Standing in Truth: Autonomy, Choice & the Storm in Maternity Care

I feel it. The wind is rising. I lie awake at night mulling it over, feeling it in my bones.
In recent weeks, the media has turned its gaze sharply towards “natural birth”, “home birth”, “choice”, “midwives who support physiological birth”. The framing is loud: “ideology”, “fanaticism”, “obsession”. The message is clear: women who choose differently, midwives who support differently — beware.
As an independent midwife in East Sussex, I stand here with the families I walk beside, and I feel both the grounding and the tremor. Because this isn’t simply about birth preferences. This is about autonomy. This is about rights. This is about a system under strain that is seeking control — and the women, babies and midwives caught in the middle.

Autonomy & Human Rights in Maternity Care

Let’s be clear: a woman’s right to make decisions about her own body and maternity care is not optional. It is fundamental. Under UK law, the Birthrights charity emphasises that human rights laws give you the right to make your own choices about your maternity care — and public bodies must treat you with dignity, consult you about decisions and respect your autonomy. Birthrights+1
To label women as “fanatical” for wanting physiological birth or an informed homebirth pathway is to deny that autonomy — to frame choice as extremism rather than as a right.
And yet, as we see, that choice is shrinking.

The Storm of Control: Structure, Fear & Compliance

The narrative being spun is seductive in its simplicity: “Natural birth = dangerous → We must regulate → You must choose hospital, you must conform.”
But this external storm of rhetoric hides an internal storm of system collapse:

  • The latest MBRRACE‑UK data (2020-22) show the maternal mortality rate in the UK rose to 13.56 per 100,000 maternities — significantly higher than the 8.79 per 100,000 recorded in 2017-19. NPEU+1

  • At the same time, homebirth services are being restricted: a recent investigation found that 66% of NHS Trusts had suspended or severely limited home birth services between October 2023 – November 2024. Maternity & Midwifery Forum

  • A survey by Birthrights found only 68% of women were given a choice about place of birth and 31% said they didn’t feel in control of their birth experience. Birthrights

Here is the truth: It is easier to direct fear at individuals (women choosing homebirth, midwives supporting autonomy) than to face the large, difficult truth of under-funding, understaffing, loss of continuity care, collapsing birth centres. The system wants compliance. The system does not deeply encourage connection.
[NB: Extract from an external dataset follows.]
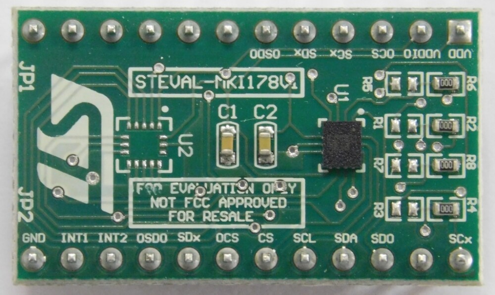 The STEVAL-MKI178V1 can be plugged into a standard DIL24 socket. The adapter provides the complete LSM6DSL pinout and comes ready-to-use with the required decoupling capacitors on the VDD power supply line.
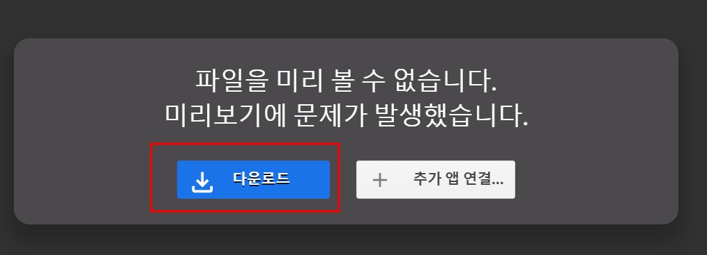 미리보기에 문제가 발생했다고 하는 문구는 무시하고 그냥 다운로드를 진행해 주시면 됩니다.

Autonomy as Safety — Not Ideology

When we speak of physiological birth, home birth, or midwife-led continuity care, we are not speaking of ideology. We speak of evidence. We speak of safety.
For low-risk women, the evidence shows that planned home birth attended by experienced midwives produces comparable perinatal outcomes and lower intervention rates. While home birth isn’t suitable for every pregnancy, the framing that it is inherently reckless is misleading.
Choice is not opposite safety — it can be the pathway to safety. Autonomy is not opposite care — it is care.

The Weight of Responsibility

As an independent midwife I carry the weight of this storm. I know each time I say “yes, I will walk with you” that I am not just taking on a client: I am pledging commitment to relationship, to continuity, to holding thresholds.
And I know the cost. If something goes wrong — even with the best preparation, most evidence-based care, deepest continuity — I will be held accountable in ways that the larger system often refuses to be. That knowledge is deeply humbling. And yet it does not stop me from standing. Because to walk with women through this storm is sacred work.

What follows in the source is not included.